» MATERIAL FOR THE TASK
************
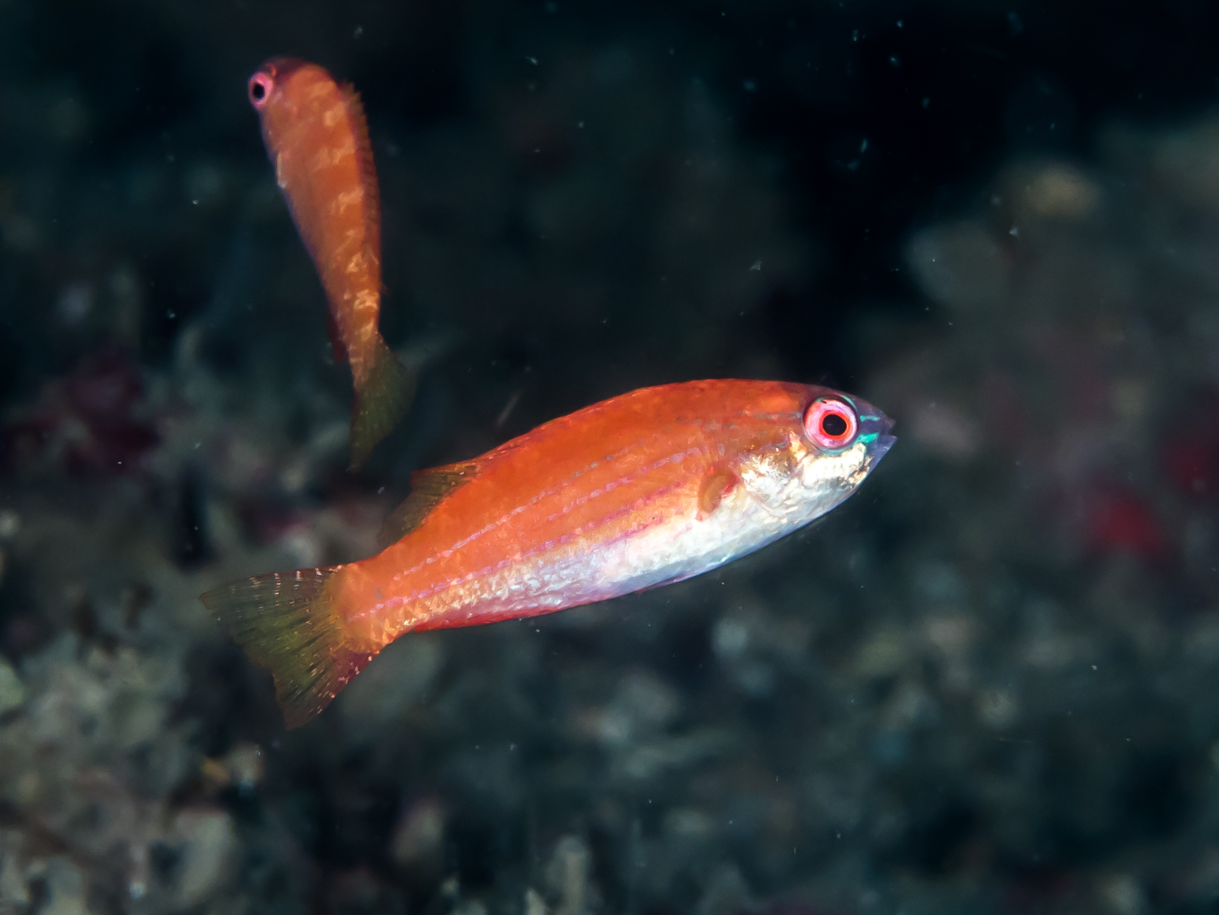 Lembeh, Indonesia - Paine's flasher wrasse (Paracheilinus paineorum)
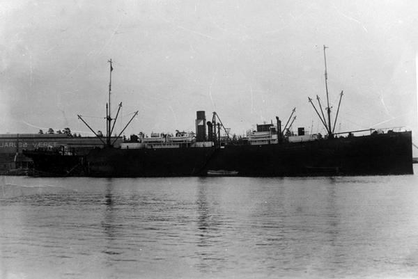 A/S Hektor's ship "Ronald" (1920), the world's first purpose built whaling factory. 1940 renamed Mafuta. 1948 renamed Jarama
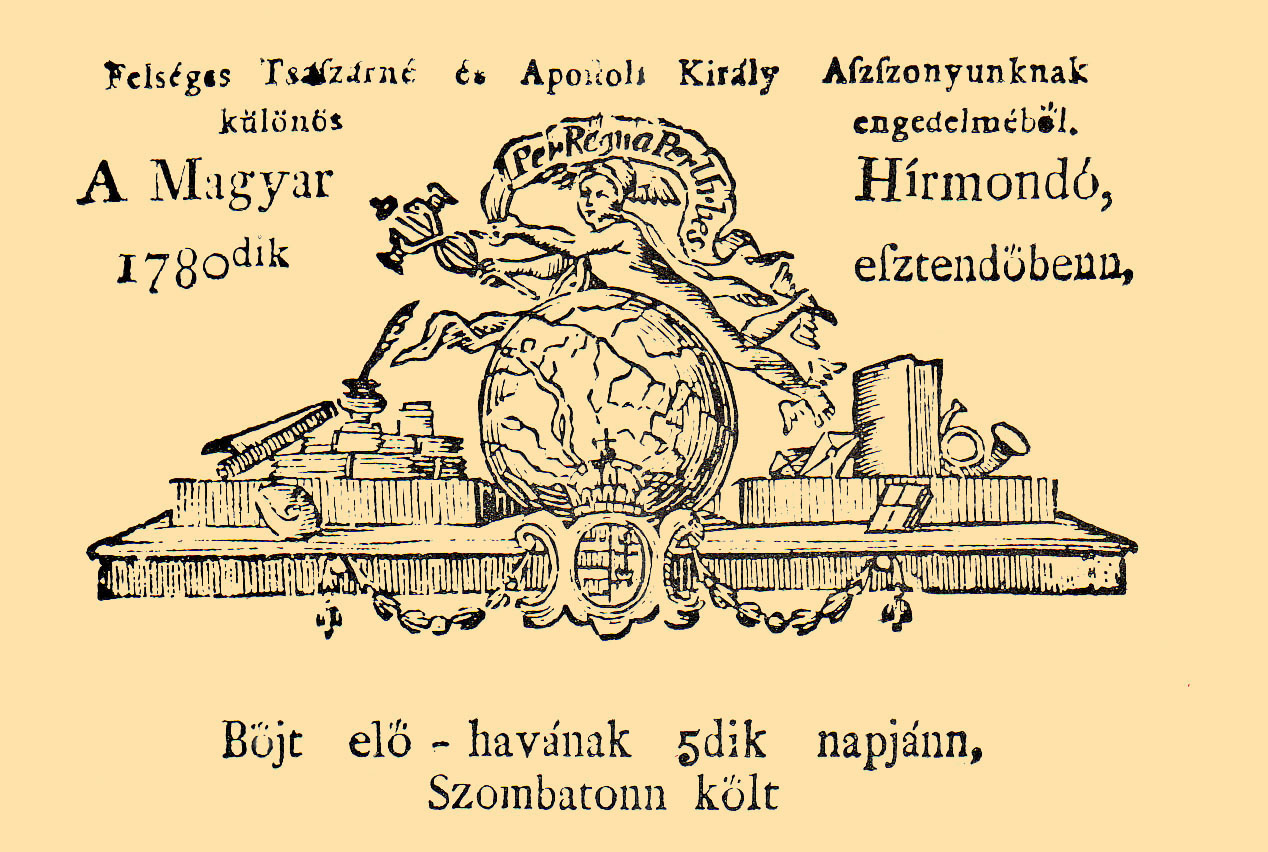 The first newspaper in hungarian language, 1780.
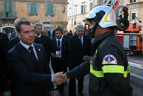 L’AQUILA, ITALY. During a survey of the historic part of the city, which was damaged by the earthquake.
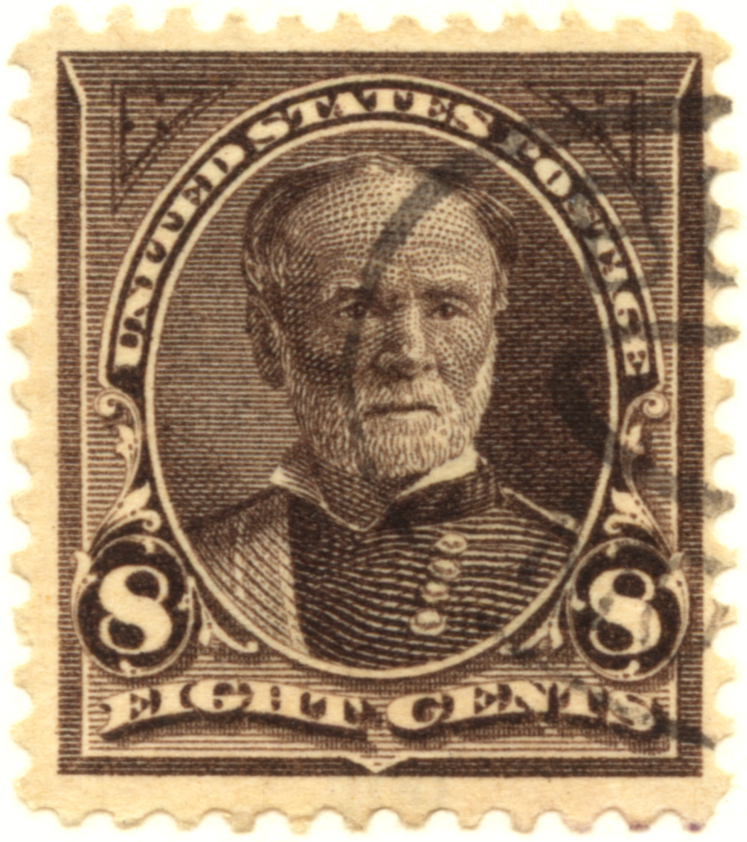 8-cent 1895 series United States postage stamp, perforated (12), depicting William T. Sherman.
************
» PROBLEM REQUIREMENTS
The copy you produce must hold all the records above exactly and none of their pictures.

» REPLY
 Lembeh, Indonesia - Paine's flasher wrasse (Paracheilinus paineorum)
 A/S Hektor's ship "Ronald" (1920), the world's first purpose built whaling factory. 1940 renamed Mafuta. 1948 renamed Jarama
 The first newspaper in hungarian language, 1780.
 L’AQUILA, ITALY. During a survey of the historic part of the city, which was damaged by the earthquake.
 8-cent 1895 series United States postage stamp, perforated (12), depicting William T. Sherman.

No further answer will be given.